Nilai tukar mata uang
Nilai tukar mata uang mewakili daya beli mata uang domestik terhadap mata uang asing. Pergerakan nilai tukar mata uang memiliki dampak langsung pada daya saing produk ekspor dan impor.
Misalnya, ketika nilai tukar terdepresiasi, produk domestik menjadi lebih murah bagi pembeli di luar negeri. Sebaliknya, produk luar negeri menjadi lebih mahal bagi konsumen dalam negeri.
Jadi, depresiasi menciptakan peluang bagi eksportir untuk meningkatkan penjualan ke luar negeri. Ini membuat produk domestik lebih kompetitif (dalam hal harga) di pasar luar negeri.
Sebaliknya, depresiasi menjadi ancaman bagi importir. Selain itu, itu berdampak pada peningkatan biaya untuk sebagian besar perusahaan yang menggantungkan bahan baku dan barang modal dari luar negeri. Mereka harus membayar lebih mahal.
Efek sebaliknya berlaku ketika nilai tukar terapresiasi.
Tingkat inflasi
Tingkat inflasi mencerminkan perubahan harga barang dan jasa secara umum di dalam perekonomian. Itu tidak hanya mewakili satu atau dua barang dan jasa, tapi sebagian besar barang dan jasa, baik yang dikonsumsi rumah tangga, digunakan bisnis atau yang mengalir di dalam perekonomian.
Inflasi terjadi ketika harga barang dan jasa meningkat. Dan, ketika harga-harga jatuh, itu kita sebut dengan deflasi.
Tingkat inflasi yang stabil dan rendah adalah yang diinginkan. Sebaliknya, tingkat inflasi yang tinggi dan fluktuatif menciptakan ketidakpastian dalam pengambilan keputusan ekonomi, baik oleh rumah tangga maupun bisnis.
Bisnis menggunakan angka inflasi untuk beberapa keperluan seperti menetapkan harga jual, menyesuaikan gaji pegawai, dan investasi.
Jika inflasi terus meningkat, daya beli uang jatuh, begitu juga dengan pengembalian investasi. Ketika bergerak fluktuatif, itu membuat masa depan kurang dapat diprediksi. Dalam lingkungan seperti itu, manajemen sulit untuk membuat proyeksi bisnis secara akurat.
Berikutnya, deflasi juga memiliki efek destabilisasi pada aktivitas ekonomi. Meski daya beli uang terhadap barang dan jasa meningkat, namun itu mengekspos bagian ekonomi lainnya.
Deflasi biasanya terjadi selama resesi ekonomi. Itu berdampak buruk bagi perusahaan dan individu dengan tingkat utang yang tinggi.
Deflasi meningkatkan nilai riil utang.
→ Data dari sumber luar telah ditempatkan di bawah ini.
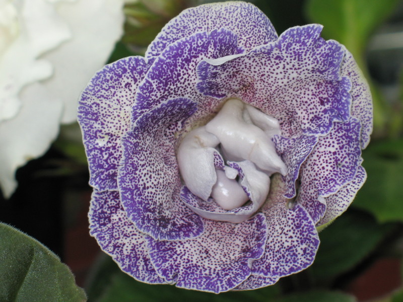 Махровая тигрина с более темно-синей каймой из плотного крапа и синий мелкий крап по белому полю.

Sehingga, rumah tangga dan perusahaan harus menghabiskan lebih banyak uang untuk membayar kembali utang, meningkatkan risiko gagal bayar.
Di sisi lain, jatuhnya harga membuat perusahaan mengumpulkan lebih sedikit pendapatan. Permintaan terhadap barang dan jasa lemah, memaksa perusahaan untuk memangkas produksi dan tenaga kerja. Sebagai hasilnya, tingkat pengangguran tinggi dan prospek pendapatan dan keuntungan memburuk.
Tingkat pengangguran
Kenaikan tingkat pengangguran berarti prospek pendapatan rumah tangga memburuk. Permintaan barang dan jasa oleh rumah tangga melemah. Akibatnya, perusahaan menjual lebih sedikit produk dan, pada gilirannya, memperoleh lebih sedikit keuntungan.
Tapi, naiknya tingkat pengangguran membuat perusahaan memiliki lebih banyak pilihan untuk merekrut tenaga kerja baru. Karena pekerja saling bersaing untuk mendapatkan pekerjaan, lebih mudah bagi bisnis untuk menekan upah.
Sementara itu, ketika tingkat pengangguran rendah, perusahaan harus menawarkan upah kompetitif yang lebih tinggi untuk menarik pekerja baru. Dalam situasi seperti ini, mencari talenta yang sesuai lebih sulit karena sebagian besar telah bekerja.
Tapi, dari sisi pendapatan perusahaan, tingkat pengangguran rendah merepresentasikan peluang. Prospek pendapatan rumah tangga membaik, begitu juga dengan permintaan produk dan keuntungan bisnis.